The standard metrics used to support their cases are also used to learn their meta-model and these are well-chosen. The experiments show that there is some value in training a meta-model, by being better than almost all standard metrics. Considering that their method abstracts out the metric measurement model from the system for the actual sparse fine-tuning, their work can be seamlessly combined with other fine-tuning techniques.
缺点
The work has several weaknesses that need to be discussed/addressed.
- While it is clear from table 2, that the meta-model estimation is better than the best standard metrics and therefore can generalize for all model/dataset combinations and from figure 3 is shown to be better than random, it is not clear how much better this model is when compared against the standard metrics. This is important to know since the meta-model itself requires training and the data-collection and training is significantly expensive.

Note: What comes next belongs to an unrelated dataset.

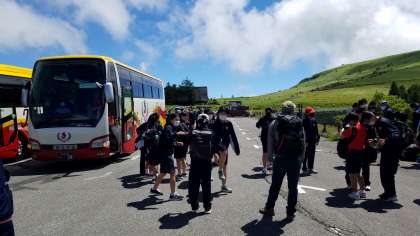 車山肩駐車場にほぼ予定通りに到着しました。雨が上がり、とても良い天気です。熱中症に注意していきます。風もあり、爽やかです。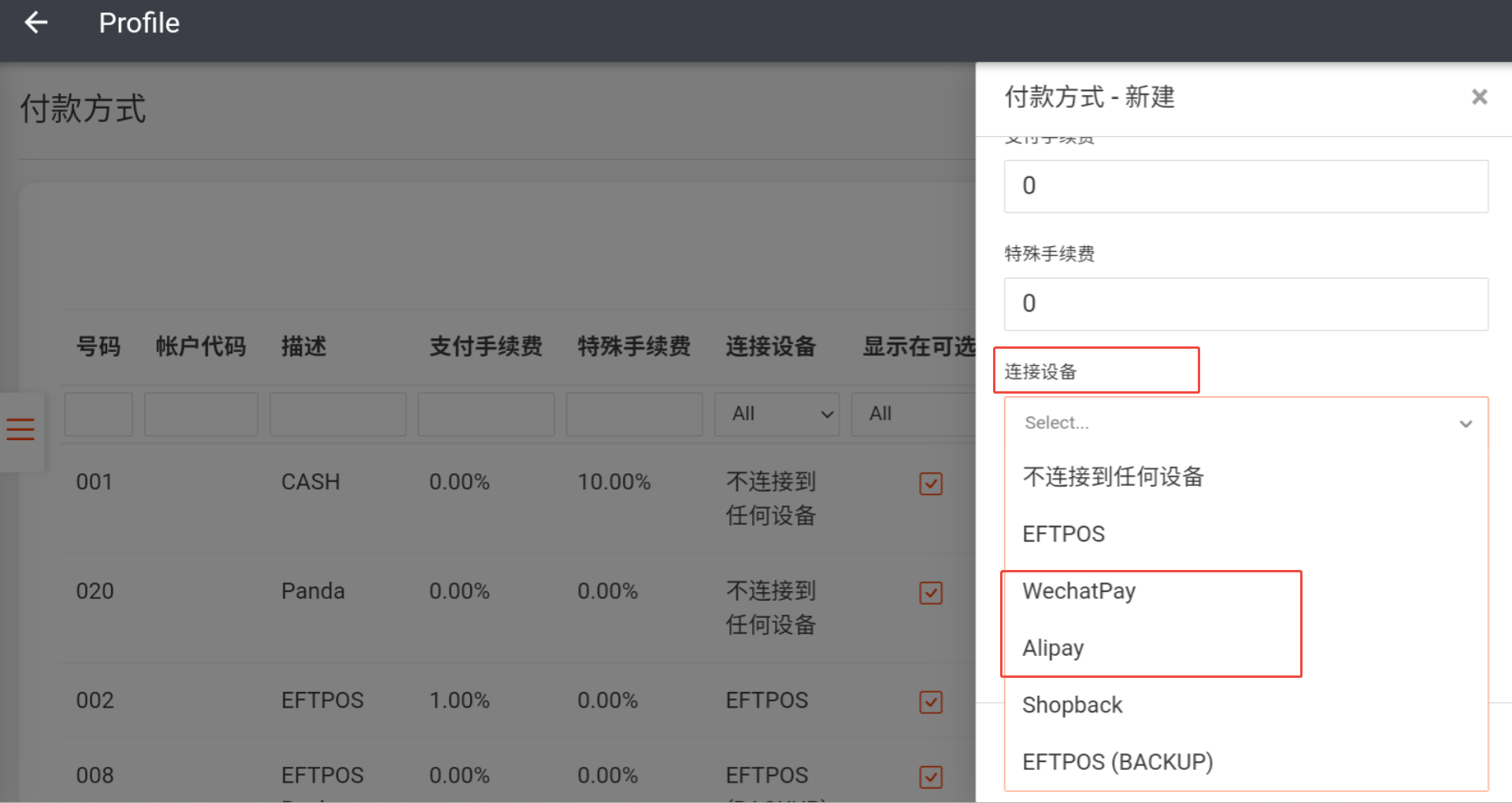 在 “连接设备” 中选择WechatPay 或者 Alipay

- Table 3 is a good result. It shows comparisons against another fine-tuning technique. The reviewer would encourage the authors to add their "static predictors" as well to this table.
问题
The reviewer has one question, which requires further results. How much benefit is this predictor yielding when compared against the other static predictors that it is learning from? This needs to be weighed against, how expensive it is to collect data for training this predictor model and training it itself. Also, how does that delta change with model-size/type and target dataset-size/type.
We thanks reviewer #KjeW appreciates ZEST’s contribution and novelty. We perform and report additional ablation experiments to better answer your question
Q1: Comparison between ZEST and Static Predictors
We conducted experiments to compare ZEST with static predictors ( GradNorm is chosen because of the high relevance) and attach results below. Do note that although GradNorm may have high Kendall’s Tau correlation (indicating it’s general ability to rank every layer), it’s top-n accuracy is not high (indicating it’s inability to choose the best layers).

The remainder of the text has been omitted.